_Information supplied_
########################################
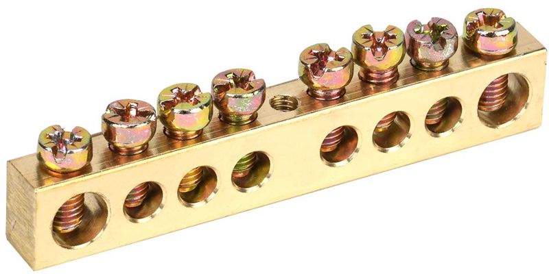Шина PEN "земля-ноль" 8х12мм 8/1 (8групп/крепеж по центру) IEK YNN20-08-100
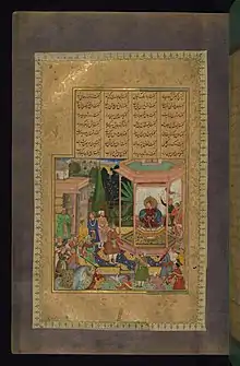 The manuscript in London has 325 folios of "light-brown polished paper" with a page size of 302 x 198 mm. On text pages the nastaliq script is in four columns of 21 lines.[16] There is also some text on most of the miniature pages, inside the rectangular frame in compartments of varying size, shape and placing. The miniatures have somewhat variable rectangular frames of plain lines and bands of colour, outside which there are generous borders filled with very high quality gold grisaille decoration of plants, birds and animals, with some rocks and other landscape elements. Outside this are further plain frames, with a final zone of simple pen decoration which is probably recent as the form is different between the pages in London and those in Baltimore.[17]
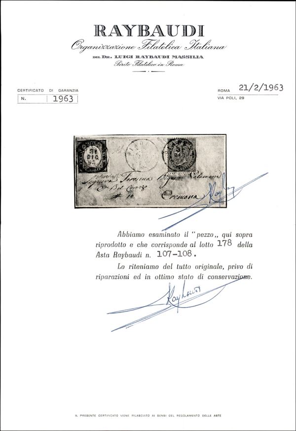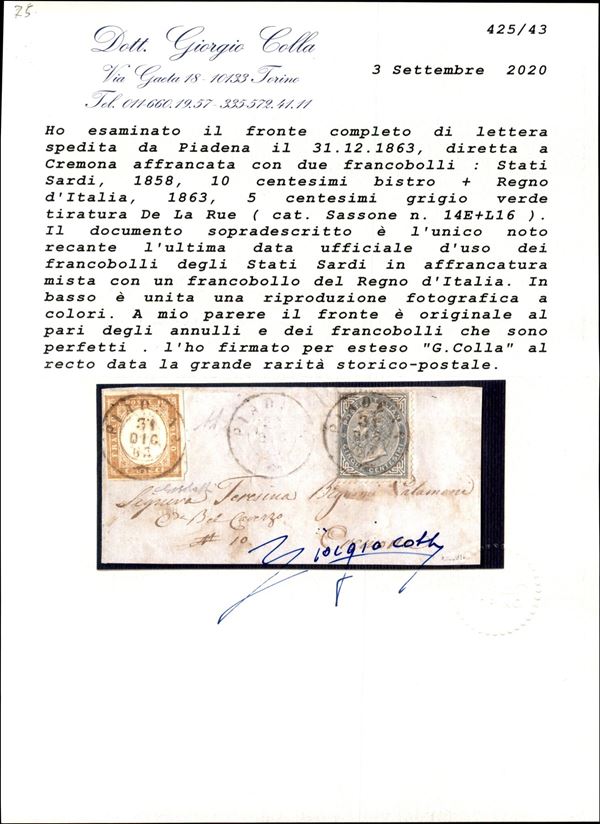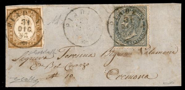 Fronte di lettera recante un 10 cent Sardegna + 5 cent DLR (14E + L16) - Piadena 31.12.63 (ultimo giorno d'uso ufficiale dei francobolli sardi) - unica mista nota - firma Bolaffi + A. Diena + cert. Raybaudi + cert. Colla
########################################
_Action item_
All of the data, minus its pictures, should be repeated exactly.

_Result for this exercise_
Шина PEN "земля-ноль" 8х12мм 8/1 (8групп/крепеж по центру) IEK YNN20-08-100
 The manuscript in London has 325 folios of "light-brown polished paper" with a page size of 302 x 198 mm. On text pages the nastaliq script is in four columns of 21 lines.[16] There is also some text on most of the miniature pages, inside the rectangular frame in compartments of varying size, shape and placing. The miniatures have somewhat variable rectangular frames of plain lines and bands of colour, outside which there are generous borders filled with very high quality gold grisaille decoration of plants, birds and animals, with some rocks and other landscape elements. Outside this are further plain frames, with a final zone of simple pen decoration which is probably recent as the form is different between the pages in London and those in Baltimore.[17]
 Fronte di lettera recante un 10 cent Sardegna + 5 cent DLR (14E + L16) - Piadena 31.12.63 (ultimo giorno d'uso ufficiale dei francobolli sardi) - unica mista nota - firma Bolaffi + A. Diena + cert. Raybaudi + cert. Colla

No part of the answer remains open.